Although knowing correlation coefficients of R continuums makes it easy to determine global maximum, there's still the problem of significant usage of memory space and processing time. Instead of that, it is more efficient to set correlation coefficients in discreet samples and then to locate maximums of correlation coefficients of these discreet data by using interpolation or curve fitting. Algorithm that is used for curve fitting of correlation coefficients implies that the curve can be approximated with parabola near its maximum value. In the case of correlation coefficients parabolic approximation of elevation, additional transformation of its coordinates is needed, because the curve is not symmetric near its maximum value. Formulas for precise estimation of azimuth AZK and elevation ELK of arriving signal are presented in following: 
General Purpose Graphic Processor Tesla K20X
GPU has a multicore architecture consisting of thousands of cores. When parallelizing any algorithm, it should be decomposed into various parts, and each part is broken down into tasks. Each task is executed on a different core of the GPU, and each task contains threads which are executed simultaneously.

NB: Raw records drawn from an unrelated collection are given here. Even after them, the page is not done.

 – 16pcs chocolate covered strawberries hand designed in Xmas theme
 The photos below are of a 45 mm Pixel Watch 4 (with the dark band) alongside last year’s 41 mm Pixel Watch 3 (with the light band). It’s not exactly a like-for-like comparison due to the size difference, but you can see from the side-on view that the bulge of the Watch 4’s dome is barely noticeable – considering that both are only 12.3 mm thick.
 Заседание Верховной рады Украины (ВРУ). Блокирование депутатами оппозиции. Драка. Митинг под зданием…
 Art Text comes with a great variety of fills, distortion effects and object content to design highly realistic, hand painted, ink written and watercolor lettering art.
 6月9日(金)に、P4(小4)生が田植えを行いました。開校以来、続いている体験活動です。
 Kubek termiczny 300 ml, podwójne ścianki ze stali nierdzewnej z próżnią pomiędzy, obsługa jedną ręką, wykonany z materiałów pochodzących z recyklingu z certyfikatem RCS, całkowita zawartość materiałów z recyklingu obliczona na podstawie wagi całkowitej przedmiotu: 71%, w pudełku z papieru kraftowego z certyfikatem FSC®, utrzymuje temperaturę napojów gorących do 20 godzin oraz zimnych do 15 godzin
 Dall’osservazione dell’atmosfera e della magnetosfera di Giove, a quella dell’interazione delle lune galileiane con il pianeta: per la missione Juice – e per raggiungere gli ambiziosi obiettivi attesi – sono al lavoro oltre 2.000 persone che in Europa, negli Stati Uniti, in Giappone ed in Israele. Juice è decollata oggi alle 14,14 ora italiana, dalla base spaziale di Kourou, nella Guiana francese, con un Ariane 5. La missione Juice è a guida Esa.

Implementation of the algorithm for DOA estimation based on the correlative interferometer method is done on NVIDIA Tesla K20X. The NVIDIA Tesla K20X GPU accelerator is a PCI Express, dual-slot computing module comprising of a single GK110 GPU. The Tesla K20X is designed for servers and offers a total of 6 GB of GDDR5 on-board memory and supports PCI Express Gen2. It is a device with 2688 CUDA cores with 732 MHz for the core clock. In Fig.  1 is shown block diagram for the Tesla K20X GPU dual-slot computing processor module [3].

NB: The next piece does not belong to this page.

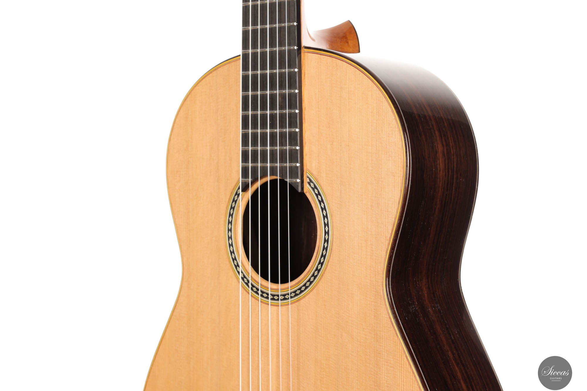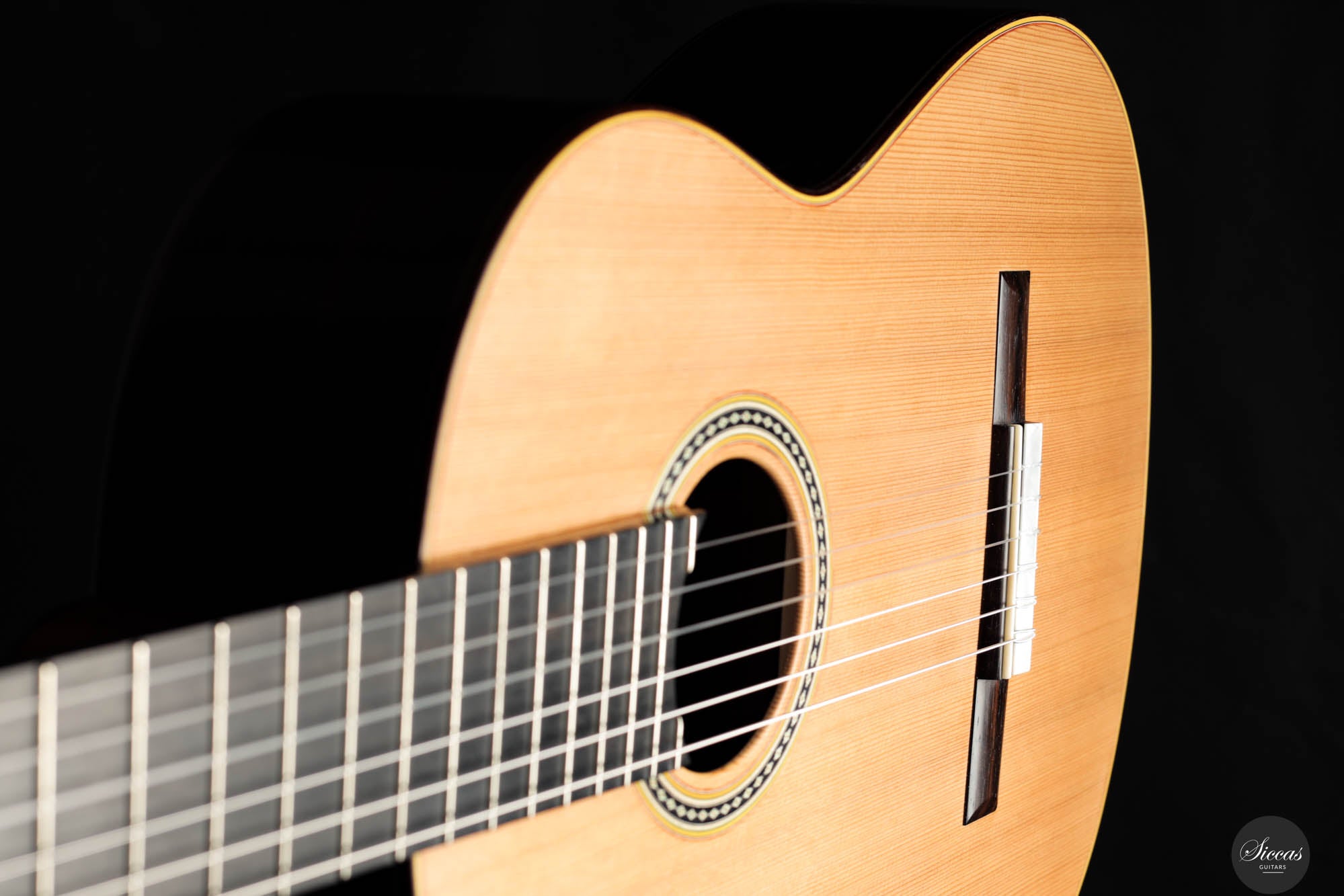 Sonically, this guitar features dark, warm trebles complemented by deep, resonant basses. The removable tornavoz allows players to further refine their experience, subtly lowering the resonance and enhancing the bass depth for a more intimate and controlled sound. With sensational playability, superior craftsmanship, and outstanding tonal balance, this guitar is a masterful creation that meets the highest standards of performance.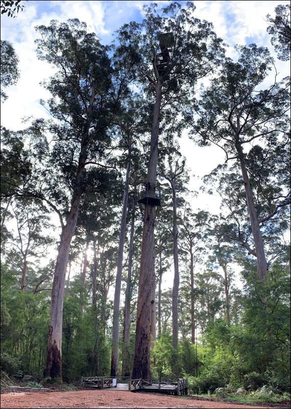 The sun started to come out as we got back where there was still a bit more to the journey for me, as I was keen to see the sight from the top of the Bicentennial tree. This used to be one of three fire trees that the public could climb, I have been up the Diamond tree but that was sadly closed in 2019 as the tree became diseased. This one however is higher at 75m whereas the Diamond tree was only 49m and a third fire tree called the Gloucester tree sits at 58m. The Diamond and Gloucester tree climbs and platforms were built in 1939 and 1947 respectively, and were used as lookout locations for fires:

Fig. 1. Tesla K20X Block Diagram
Tesla K20X GPU accelerator is a performance optimized, high-end product and uses power from the PCI Express connector as well as external power connectors. Board power is 235 W and idle power is 25 W. Tesla K20X is designed to be the performance leader in double precision applications and the broader supercomputing market. It provides a peak performance of 3.95 TFLOP for a single precision floating point and 1.17 TFLOP for a double precision floating point. For example, Tesla K20X manages to score 1.22 TFLOPs in double precision general matrix multiply (DGEMM), which puts it at almost three times faster than the previous generation Tesla M2090 accelerator. In figure 1234 are shown graphics for comparison in precision performances.
NVIDIA Tesla K-series Accelerators are based on the NVIDIA Kepler compute architecture and powered by CUDA. CUDA is a general purpose parallel computing platform and programming model that leverages the parallel compute engine in NVIDIA Tesla K-series GPUs to solve many complex computational problems in a more efficient way than on a CPU. CUDA comes with a software environment that allows developers to use C as a high-level programming language. The massively parallel hardware architecture and high performance of floating point arithmetic and memory operations on GPUs make them particularly well-suited to many of the scientific and engineering workloads.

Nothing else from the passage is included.